All reactions were performed in a buffer containing 25 mM HEPES, 50 mM NaCl (pH 7.0) at a total volume of 50 μl. Protein (1 mM) was mixed with 0.5 mM double-stranded fluorescein-labeled DNA (18ADT10A) and 2.5 μM single-stranded DNA (18-nucleotide sense DNA), and the mixture was then added to the mix of buffer described above containing 5 mM ATP and 5 mM MgCl2. The reaction mixture was incubated at 25°C for 1 h. EDTA was used at a final concentration of 20 μM to stop the reaction. Aliquots of 10 μl were loaded in a 12% bisacrylamide gel (30%) (19:1) using 6× loading dye (0.25% xylene cyanol FF, 30% glycerol). For the densitometry and analysis of the bands, a Gel Doc EZ imager was used, together with the automatic lane and band detection tool. Lane background subtraction, white illumination, and an activation time of 300 s were used for the analysis.

scDNA nicking assay.

Supercoiled DNA (scDNA) nicking activity for Rep68 was assayed as described previously (14). Briefly, assays were performed in 30-μl reaction mixtures containing 30 mM HEPES-KOH (pH 7.5), 7 mM MgCl2, 0.5 mM dithiothreitol, 4 mM ATP, 40 mM creatine phosphate (Sigma), and 1 μg creatine phosphokinase (Sigma) in 15 mM (final concentration) NaCl. One hundred nanograms of supercoiled plasmid DNA and 200 ng of purified His-Rep68 (or mutants) were added to the reaction mixtures. All samples were incubated for 1 h at 37°C; the reaction was terminated by adding 10 μl of stop reaction mixture (proteinase K [1.2 μg/μl], 0.5% SDS, 30 mM EDTA, pH 7.5) and incubating for 1 h at 37°C. Samples were resolved in a 1% agarose gel (1× Tris-acetate-EDTA [TAE]), which was subsequently stained with ethidium bromide (0.3 μg/ml) in 1× TAE. The plasmids carrying scDNA used in this assay were pRVK (which contains AAVS1 from nucleotides 1 to 3536) and a mutated version containing a mutant trs sequence (42).

Western blotting.

Proteins were extracted from cells transfected and infected as described above for the replication assays. Cells were lysed in radioimmunoprecipitation assay buffer, and the cleared lysate was run on a 12% acrylamide gel. The proteins were transferred onto a nitrocellulose membrane (GE Healthcare) and immunoblotted using anti-Rep antibody (1/100 dilution; clone 303.9; Progen), anti-Cap antibody (1/500 dilution; clone B1; American Research Products), and anti-HSP90 antibody (polyclonal, 1/5,000 dilution; Santa Cruz). All antibodies were incubated in blocking buffer (5% nonfat dried milk in PBS containing 0.1% Tween 20). Images were acquired and analyzed using an ImageQuant apparatus (GE Healthcare).

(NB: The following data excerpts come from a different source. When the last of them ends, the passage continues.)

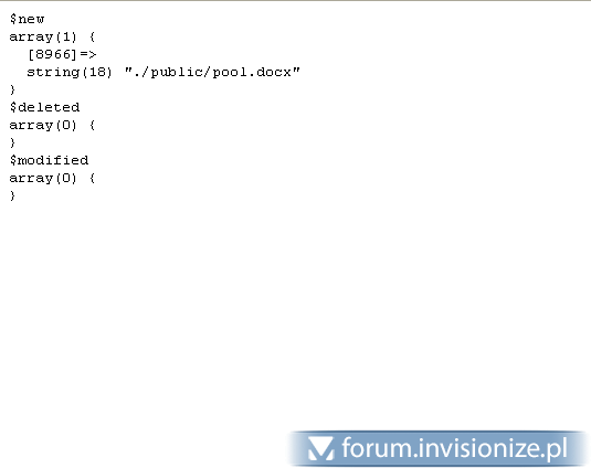 Ponieważ borykałem się ostatnio z atakami na moją witrynę, postanowiłem poszukać w sieci rozwiązań, które umożliwiłyby działanie prewencyjne. Pliki wyleczone, baza danych też. Wszystko zabezpieczone. Zaktualizowana lista banów w pliku .htaccess Ale to przecież nie eliminuje hakerów, którzy w dalszym ciągu, mogą poszukiwać furtki do włamania. Jak wiemy, najczęstszą formą ataku, jest zmodyfikowanie plików na serwerze lub dodanie nowych plików. W pierwszym przypadku, wystarczy nadpisanie całej paczki, wszystkiego. Gorzej jednak jest wtedy, gdy zostaną dodane nowe pliki, co jeszcze bardziej utrudnia nam sprawę, bo wówczas trzeba wszystko usunąć i robić cały upload od nowa. To jest rozwiązanie, ale ciężkie, czasochłonne i wymaga okresowego zamknięcia witryny na czas "remontu". Znalazłem w sieci skrypt, który umożliwia monitoring plików i informuje nas o wszystkich przypadkach gdy:
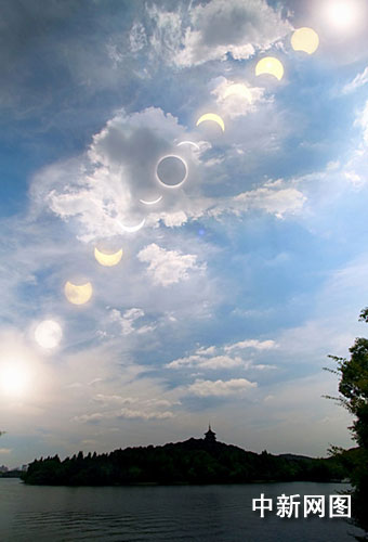 日全食在杭州西湖上空留下妙幻魅影。作者 張兆嶺 馮揚
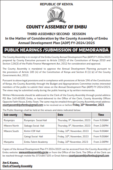 Continue ReadingCounty Assembly of Embu
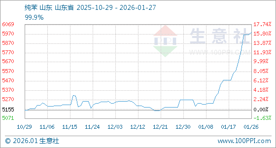 1月27日,生意社纯苯基准价为5986.67元/吨,与本月初(5268.67元/吨)相比,上涨了13.63%。
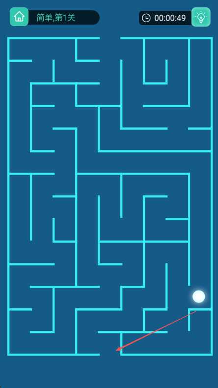 3、持续探索,避开死路,朝着迷宫出口前进,尽量在短时间内完成关卡,像00:00:49时争取接近或抵达出口。
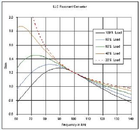 图2比较了两种拓扑的增益曲线。为便于说明,我们假设需要支持的输入电压为110V和220V。对于非对称半桥拓扑,这不是问题。在我们设定的工作条件下,220V和110V时其增益分别为0.2和0.4。在220V时,效率较低,因为磁化DC电流随占空比减小而增大。对于LLC谐振转换器来说,最大增益为1.2,要注意的是满负载曲线非常接近谐振。0.6的增益将导致频率极高,系统性能很差。总言之,LLC转换器不适合于较宽的工作范围。通过对漏电感进行外部调节,LLC转换器可以用于欧洲的输入范围,但代价是磁化电流较大;若采用了PFC前端,它的工作最佳。而非对称半桥结构在输入端带有PFC级,因此电路可工作在很宽的输入电压范围上。
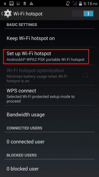 • Kemudian akan tampil menu Set Up WLAN hotspot atau Set UP Wi-Fi hotspot seperti gambar berikut ini.
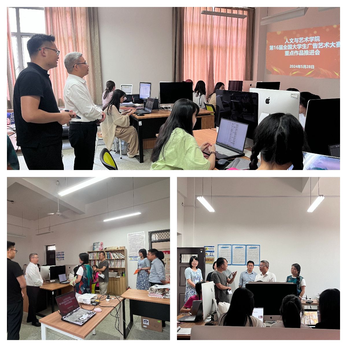 5月28日下午,校纪委书记殷安全到人文与艺术学院看望慰问正在备战第16届全国大学生广告艺术大赛的师生,指导学院学科竞赛工作,人文与艺术学院领导班子和相关指导老师陪同。
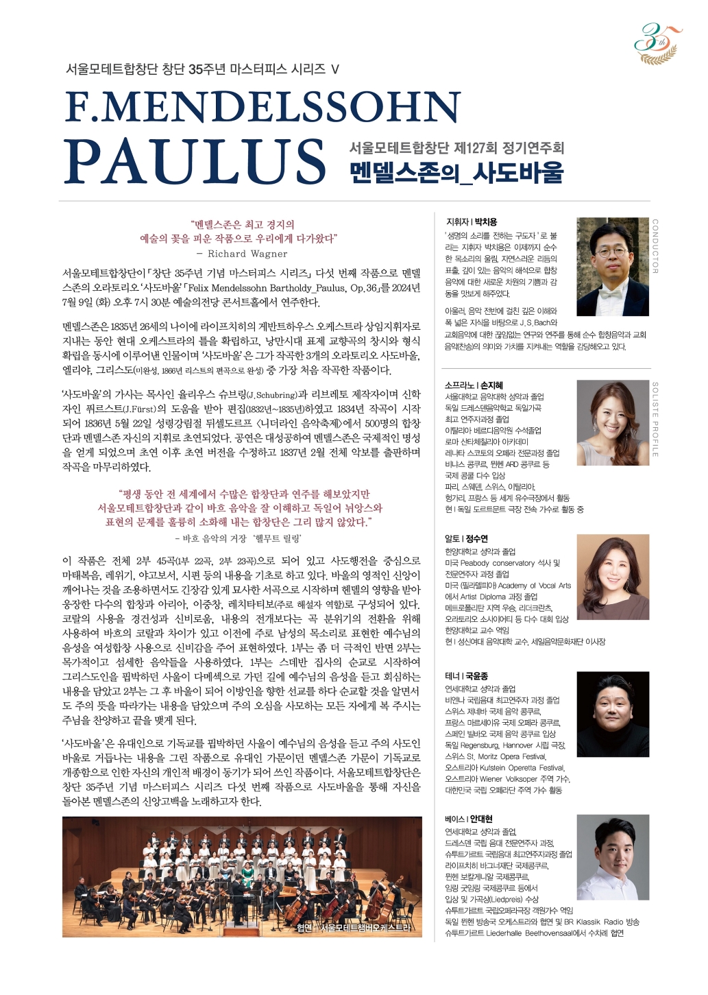 [¼¿ï¸ðÅׯ®ÇÕâ´Ü] Á¦127ȸ Á¤±â¿¬ÁÖȸ F. Mendelssohn_Paulus <¸àµ¨½ºÁ¸ÀÇ »çµµ¹Ù¿ï>
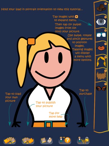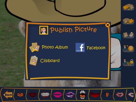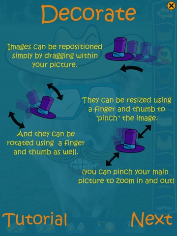 Have lots of fun with your photos! With Funny Fotos! you can load your pictures (from camera, photo album or clipboard) and then decorate them with funny hats, beards, glasses, hair and other facial features. Pictures can then be saved (to the photo album or clipboard) or published to Facebook to share with your friends.
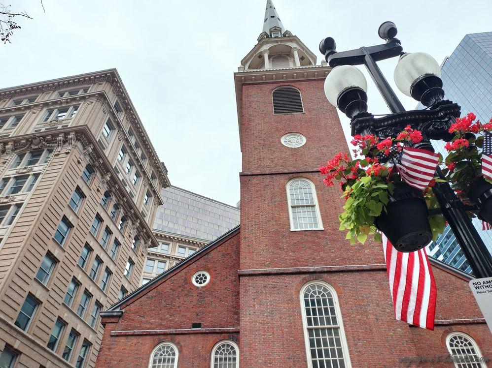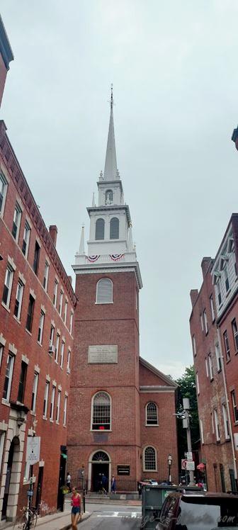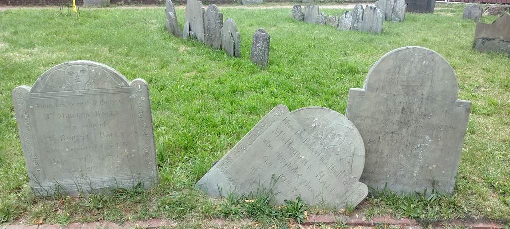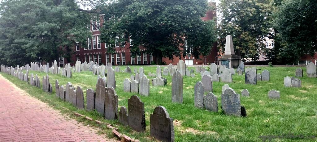 Nous arrivons à Old North Church, une église construite en 1723, à proximité du cimetière de Copp’s Hill lui-même fondé en 1660. Plusieurs hommes ayant pris part à l’événement historique du Tea-Party (pour faire court, une importante révolte politique contre le Parlement anglais en 1773, précédant la guerre d’indépendance américaine) y sont enterrés.

Real-time quantitative RT-PCR.

293T cells were transfected and infected as described above for the replication assays. Total RNA was extracted using an RNeasy kit (Qiagen) after DNase I (Qiagen) treatment for 15 min at 37°C. Reverse transcription (RT) was performed using a high-capacity reverse transcription kit (Applied Biosystems). cDNA was quantified by real-time qPCR on an ABI Prism system (Applied Biosystems) using the TaqMan Universal PCR master mix (Life Technologies) and custom-designed primer-probe mixes (Eurofins). The following primers were used: p5 fw (5′-AACAAGGTGGTGGATGAGT-3′), p5 rv (5′-CGTTTACGCTCCGTGAGATT-3′), p19 fw (5′-TCACCAAGCAGGAAGTCAAAG-3′), p19 rv (5′-CCCGTTTGGGCTCACTTATATC-3′), p40 fw (5′-GGAAGCAAGGCTCAGAGAAA-3′), and p40 rv (5′-CCTCTCTGGAGGTTGGTAGATA-3′). The following probes were used: p5 (5′-FAM-ACGTGGTTGAGGTGGAGCATGAAT-TAM-3′), p19 (5′-FAM-ACGTGGTTGAGGTGGAGCATGAA-TAM-3′), and p40 (5′-FAM-AGGAAATCAGGACAACCAATCCCGT-TAM-3′), where FAM is 6-carboxyfluorescein and TAM is 6-carboxytetramethylrhodamine. Relative expression levels were determined by the ΔΔC threshold cycle (C) quantification method (43), using 18S rRNA (TaqMan predeveloped assay reagents, human 18S rRNA; Applied Biosystems) as a housekeeping reference gene.

RESULTS

Y224 forms hydrophobic interactions necessary for Rep68 oligomerization.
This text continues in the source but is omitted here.